MASTER DRILLING UNAUDITED INTERIM RESULTS FOR SIX MONTHS ENDED 30 JUNE 2015: 22,9% Increase in ZAR headline earnings per share
Highlights for the period:
- Revenue up 3,1% in ZAR terms, and down 7,5% in US$ terms
- Profit attributable to equity shareholders up by 10,5% from US$8.4 million to US$9.3 million
- ZAR Headline earnings per share up by 22,9% from 61,0 cents to 75,0 cents
- US$ Headline earnings per share up by 10,4% from 5.7 cents to 6.3 cents
- Cash generated from operations up by 175,3% from US$8.7 million to US$24.0 million
Johannesburg – Master Drilling Group Limited (Master Drilling; JSE: MDI), providers of specialised drilling services worldwide, has announced a 22,9% increase in ZAR headline earnings per share from 61,0 cents to 75,0 cents. Profits were up by 11% to US$ 10.4 million, from US$9.3 million and the Group saw a 10,4% increase in US$ headline earnings per share to 6.3 cents from 5.7 cents.
Master Drilling reports that while its order book is stable, it is mindful of the current difficult economic landscape. The four strategic pillars of the Group hedged the group against the economic downturn in commodities.
Strategic progress in various areas delivered as follows during the first half of the year:
- Commissioning of the RD8-1500, the largest raise bore rig in the world;
- Expansion of the Group’s geographical footprint into Ecuador and Colombia;
- Service offerings in the energy sector on hydro projects;
- The continuation of the drill rig fleet automation programme to enhance safety and efficiencies; and
- The expansion of the fleet size to 145 rigs.
The utilisation of the Group’s raise bore rigs declined from 76% (H1 2014) to 68% (H1 2015) due to the economic environment. However, revenue generated per operating rig increased from US$ 111,303 to US$ 122,732. This is attributable to additional capital invested in adding machines with larger capabilities to the current fleet.
With 50% of Master Drilling’s revenue generated in US Dollars, the risk of further devaluation of the Rand against other currencies, particularly the US$, is largely countered.

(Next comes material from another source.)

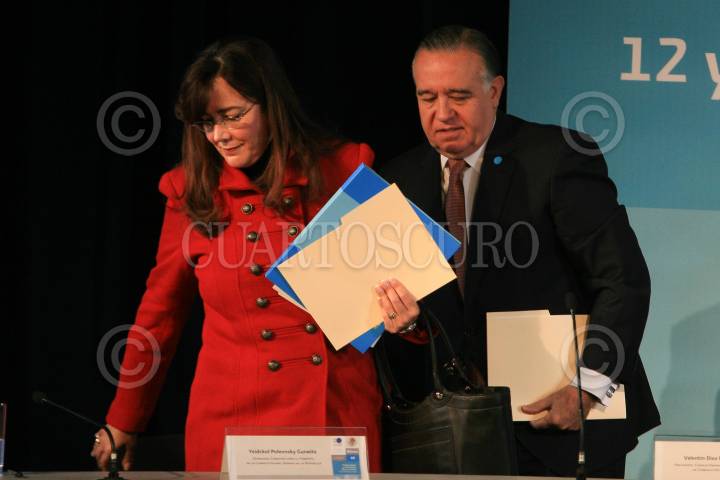MÉXICO, D.F., 12ENERO2010.- Yeidckol Polensky, integrante de la Comisión para el Fomento de la Competitividad del Senado de la República y Valentín Diez Morodo, presidente del Consejo Empresarial Mexicano de Comercio Exterior, durante su participación sobre en el foro sobre La Reforma Regulatoria que se organizó la Secretaría de Economía. FOTO: MOISÉS PABLO/CUARTOSCURO.COM

By keeping its growth strategy intact, Master Drilling maintained a good performance; strengthened by a diverse footprint and commodity mix in its customer base. The vertically integrated business model supports end-to-end solutions in terms of design and assembly of rigs, training and engineering support and ultimately diverse drilling applications. These core activities are production stage centered reducing exposure to more volatile aspects in business sectors and commodity markets.
Commenting on the interim results, Master Drilling CEO Danie Pretorius said, “We continue to lead as a world-class supplier of technologically advanced mine drilling operations, as well as delivering on value-added services. Our results reflect the merit of our diversification and organic growth strategies.”
Looking ahead, Master Drilling’s business strategy remains to achieve growth through further diversification of its business operations globally and within selected industries. The expansion of its service offering into non-commodity related services is gaining traction in the energy sector. Achieving organic growth targets is on track with operations having commenced in Ecuador and Colombia.
Despite the economic downturn in the commodity markets, the company managed to achieve results above expectations. Management continuously drives efficiency and cost control as they look to protect the cash of the business. During this time Master Drilling is improving their systems and investing in the training and development of their people.
Investment of expansion capital since listing is expected to be largely completed during the last quarter of this financial year. New machines built in this process are likely to be commissioned during the first half of next year. Efficiency and safe operation of rigs remain crucial and Master Drilling continues to automate the fleet to achieve higher operational standards.